Updated on February 27, 2018
kalinin1158 profile image

Lana is an aspiring travel writer with a serious case of shutterbug and an insatiable curiosity about the world.

This charming fella was the reason we stopped at a little Arab market on the way to the Dead Sea. He was great, but his handlers robbed us blind. Gotta love the local charm...
This charming fella was the reason we stopped at a little Arab market on the way to the Dead Sea. He was great, but his handlers robbed us blind. Gotta love the local charm... | Source

Israel offers no shortage of extraordinary, even life-changing experiences. It's not called "the Holy Land" for nothing.

With thousands of years of history, it had seen Jews, Arabs, Egyptians, Greeks, Romans, Philistines, Assyrians, British, am I forgetting somebody? Its fragile antiquity is contrasted with the robust jovial spirit of the Israelis, and there is a deep spiritual undertone to life there that can make even the most adamant nihilist contemplate the mysteries of the human existence.

In other words, this land is special.The following list illustrates the fact.

1. Walking the Cobble Streets of Old Jaffa (Tel Aviv)

Old Yaffa is one of Israel's major tourist attractions, but it's not a tourist trap.
Old Yaffa is one of Israel's major tourist attractions, but it's not a tourist trap. | Source

Old Jaffa (locals call it Yafo) is a charming ancient port city in the vicinity of Tel Aviv and one of the most extraordinary places in Israel.

It's so eclectic! Somehow it combines Turkish clock towers, Judaica shops, antiques, vintage flea markets with modern art and jewelry studios, galleries, cafes, and other attractions.

You can't miss the Clock Square - arguably, the heart of Jaffa. The whole area can be explored on foot, and there is a free Old Jaffa guided tour every Wednesday at 10 AM, meeting point: Jaffa tourist information center, 2 Marzuk Ve'azar st.

If you're not a guided tour kind of person, come to Old Jaffa at night, when this ancient port city really comes alive, and the narrow stone alleys seem to be crowded by the ghosts of sailors, merchants, soldiers and others who once visited Jaffa or called it their home.
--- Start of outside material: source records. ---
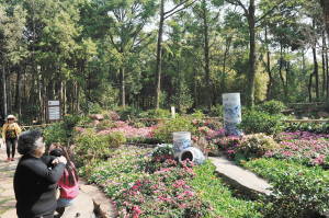 黑龙潭公园依龙泉山麓建成的“杜鹃谷”占地250余亩,有杜鹃30余个品种,数量多达35万余株,是西南地区面积最大的庭园栽培杜鹃花游览区。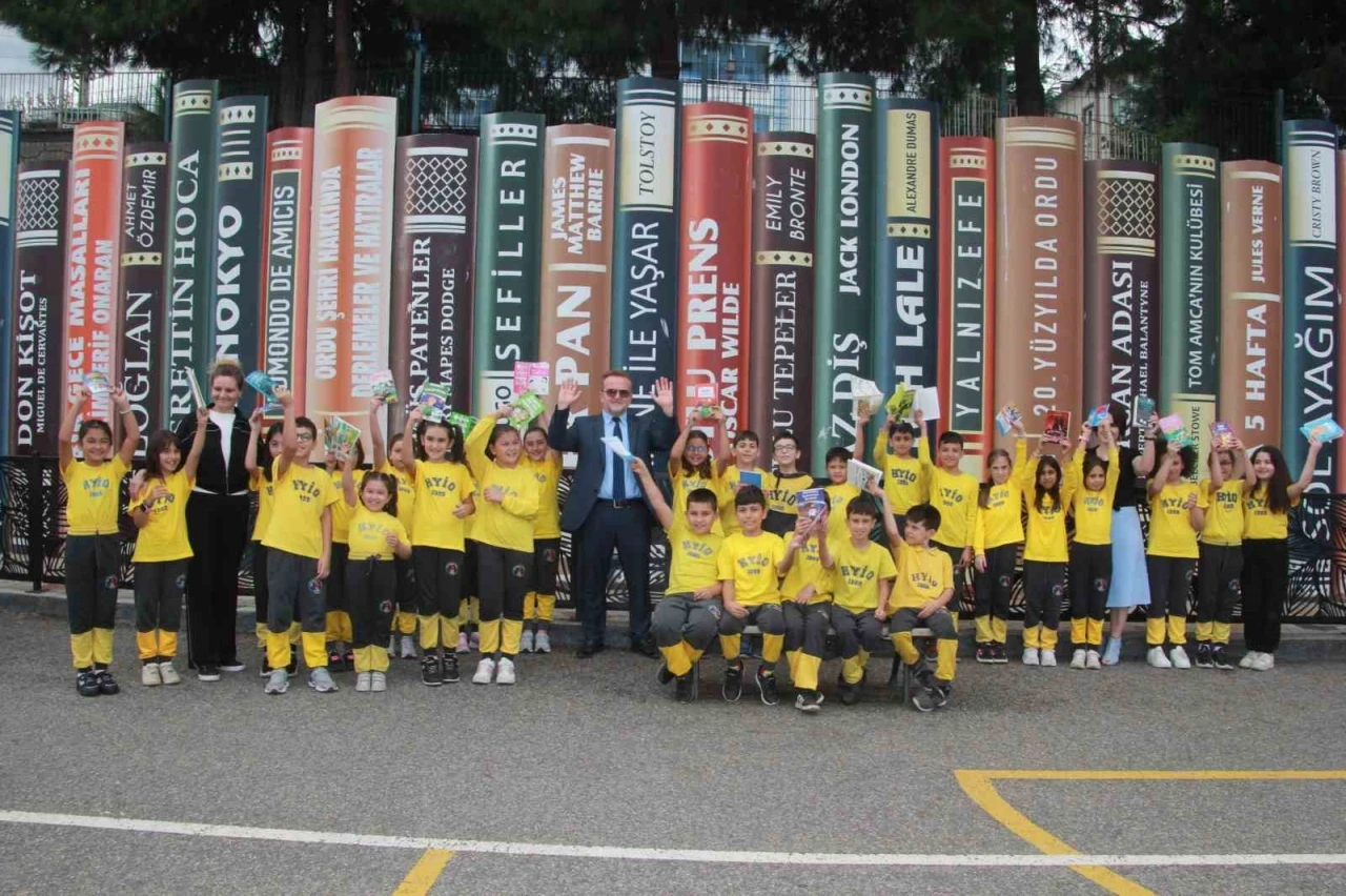Ordu’daki bir ilkokulun bahçesinde bulunan istinat duvarlarındaki kitaplık dekoru, öğrencileri kitap okumaya teşvik ediyor. Kütüphane dekoru önünde kitap okuma etkinlikleri de düzenleniyor.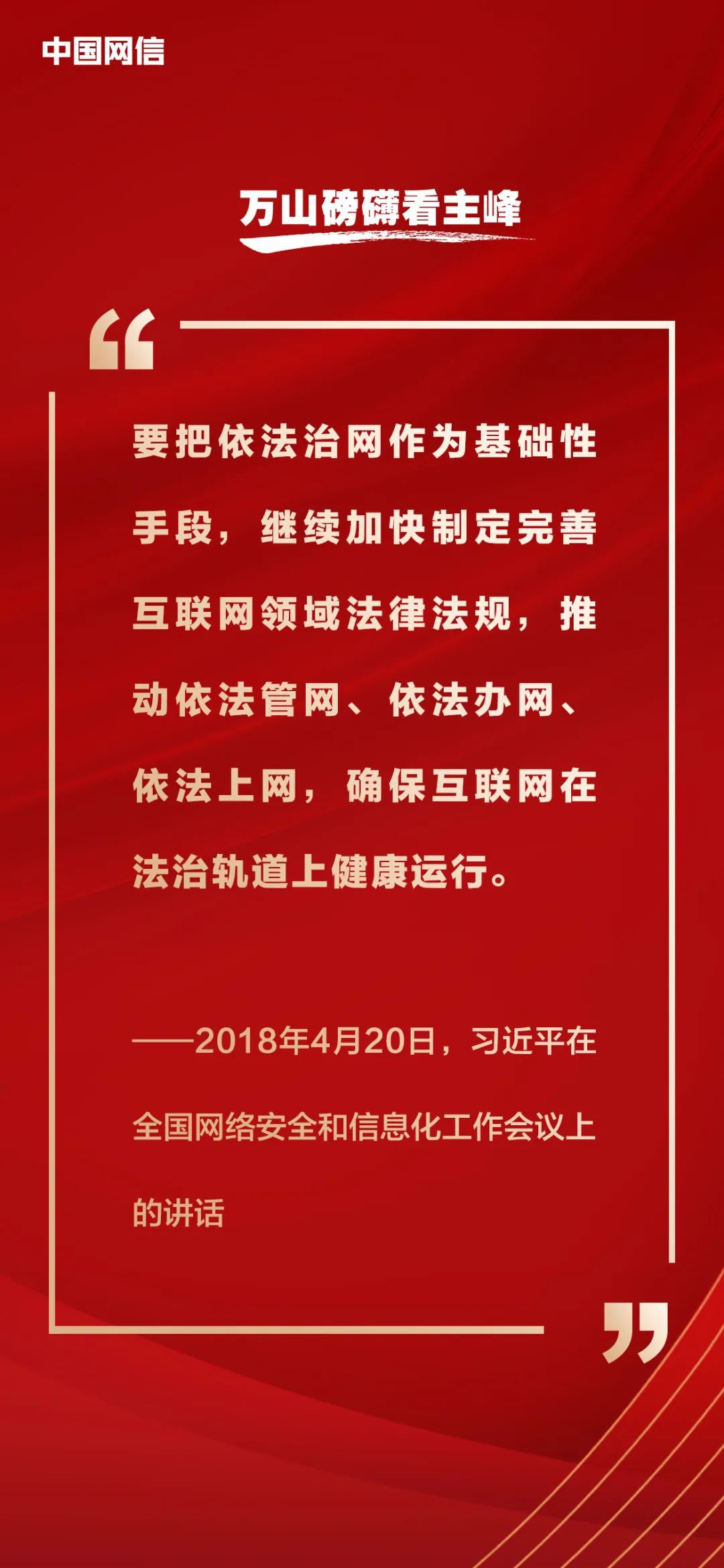 2018年4月20日至21日,全國(guó)網(wǎng)絡(luò)安全和信息化工作會(huì)議召開,習(xí)近平總書記出席會(huì)議并發(fā)表重要講話,為加快推進(jìn)網(wǎng)絡(luò)強(qiáng)國(guó)建設(shè)指明了前進(jìn)方向、提供了根本遵循?!吨袊?guó)網(wǎng)信》雜志梳理相關(guān)重要論述,與你一起回顧學(xué)習(xí)。

All that walking is bound to make you hungry. Stop by "The Old Man and the Sea" for fresh Middle Eastern dishes at decent prices, the view of the Jaffa harbor, and the smell of the sea. An old college friend who moved to Israel many years ago took me there, so this is a recommendation from a local. Be warned though: they offer so many delicious starters (which they bring out as soon as you're seated), that you might want to go light on main dishes. And the view... unbelievable. I regret not taking any photos of it, I was too busy reminiscing. Open 'til midnight.

The Jaffa Clock Tower, 30 minutes before sunset.
The Jaffa Clock Tower, 30 minutes before sunset. | Source

2. Shopping at the Carmel Market (Tel Aviv)

The Carmel Market, or Shuk HaCarmel,  is a marketplace in Tel Aviv, Israel.
The Carmel Market, or Shuk HaCarmel, is a marketplace in Tel Aviv, Israel. | Source

Tel Aviv offers another unforgettable experience - shopping at the Carmel Market (Shuk HaCarmel), the largest food and clothing market in Tel Aviv.

If you enjoy the hustle and bustle of street markets, want to experience a real Middle Eastern market or just buy fresh food, visit this place! Amazing selection of meat and sausages, cheeses, spices, fresh pastries, fruits, along with clothes, hats, souvenirs, and all the local charm you can take!

Haggling is encouraged, but not necessary. Open every day except Saturday, from 8 AM until evening (on Fridays all the shops close earlier for the Shabbat).

Middle Eastern pastries at the Carmel Market in Tel Aviv.
Middle Eastern pastries at the Carmel Market in Tel Aviv. | Source

3. Supporting Gay Rights by Joining a Gay Pride Parade (Tel Aviv)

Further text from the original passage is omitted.